Schon häufig war hier die voreingenommene Berichterstattung des NDR zur inländischen Erdgasförderung im Allgemeinen und zum Standardverfahren Hydraulic „Fracking“ Fracturing im Speziellen ein Thema. Doch am 26.02.2014 wurde mit einem Beitrag der Bogen komplett überspannt. Dieser ist durch mehrere Falschaussagen gekennzeichnet.

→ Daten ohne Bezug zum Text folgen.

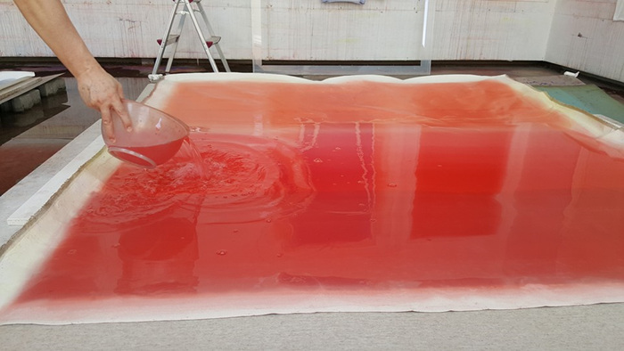 어느 누구도 완전히 예측할 수 없고 분석할 수 없는 일회적(一回的) 조건이 작업실에 초대되어 예술 창작에 흔적을 남긴다. 캔버스에 보이는 색깔은 거의 물에 가까운, 미세한 차이를 가진 색들의 층(層)이 모여서 만든 색이지만 놀라울 정도로 얇고 은은하다. 자세히 보면 손으로 조절하지 않고 자연스럽게 형성된 물길의 흔적과 선(線), 기계적이지 않고 불규칙적으로 만들어진 농담, 때론 극소하게 박힌 점들, 혹은 비단의 얼 같은 자연스러운 흠이 있다. 이러한 요소들은 자연스럽게 어우러지며 은은하게 묻혀 있다.

Das beginnt bereits mit der Überschrift:

Erdgas-Förderer drohen mit Investitions-Stopp

Dabei wird sich auf das Jahrespressegespräch des Wirtschaftsverband Erdöl- und Erdgasgewinnung e.V.(WEG), abschätzig als „Lobbyverband“ bezeichnet, bezogen. Tatsächlich ist der Pressemitteilung des WEG das genaue Gegenteil zu entnehmen:

Unsere Industrie steht bereit, in die Zukunft des Landes zu investieren und damit einen wichtigen Beitrag für die sichere Energieversorgung zu leisten.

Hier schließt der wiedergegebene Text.